--- EXERCISE INPUTS ---

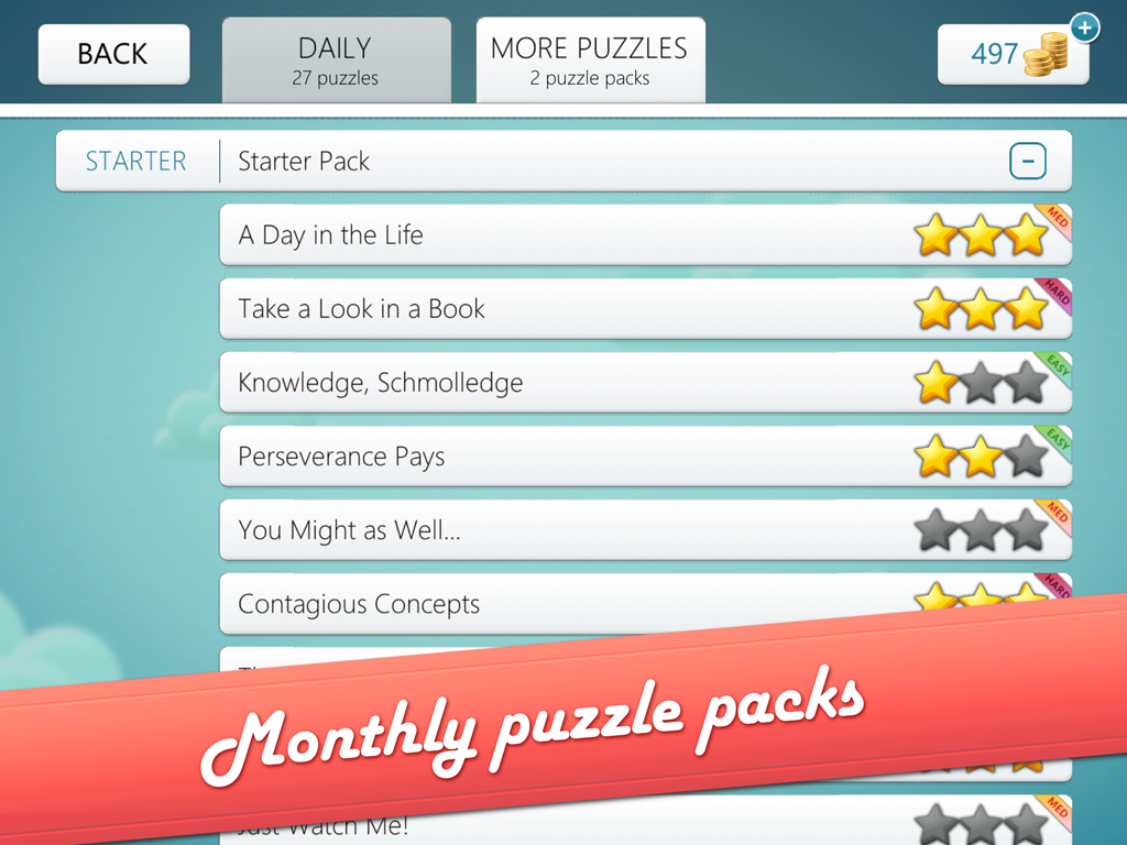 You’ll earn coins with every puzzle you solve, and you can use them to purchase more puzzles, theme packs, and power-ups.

---
--- EXERCISE INPUTS ---

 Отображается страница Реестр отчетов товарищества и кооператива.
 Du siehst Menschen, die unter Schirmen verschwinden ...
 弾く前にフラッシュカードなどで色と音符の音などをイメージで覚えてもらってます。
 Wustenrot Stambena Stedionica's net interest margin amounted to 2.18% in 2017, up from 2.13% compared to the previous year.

---

[TASK TO COMPLETE]
Above is a listing; print exactly its lines from the one with "Du siehst Menschen, die" through the one with "Wustenrot Stambena Stedionica's", and no other lines.

[EXERCISE RESULT]
 Du siehst Menschen, die unter Schirmen verschwinden ...
 弾く前にフラッシュカードなどで色と音符の音などをイメージで覚えてもらってます。
 Wustenrot Stambena Stedionica's net interest margin amounted to 2.18% in 2017, up from 2.13% compared to the previous year.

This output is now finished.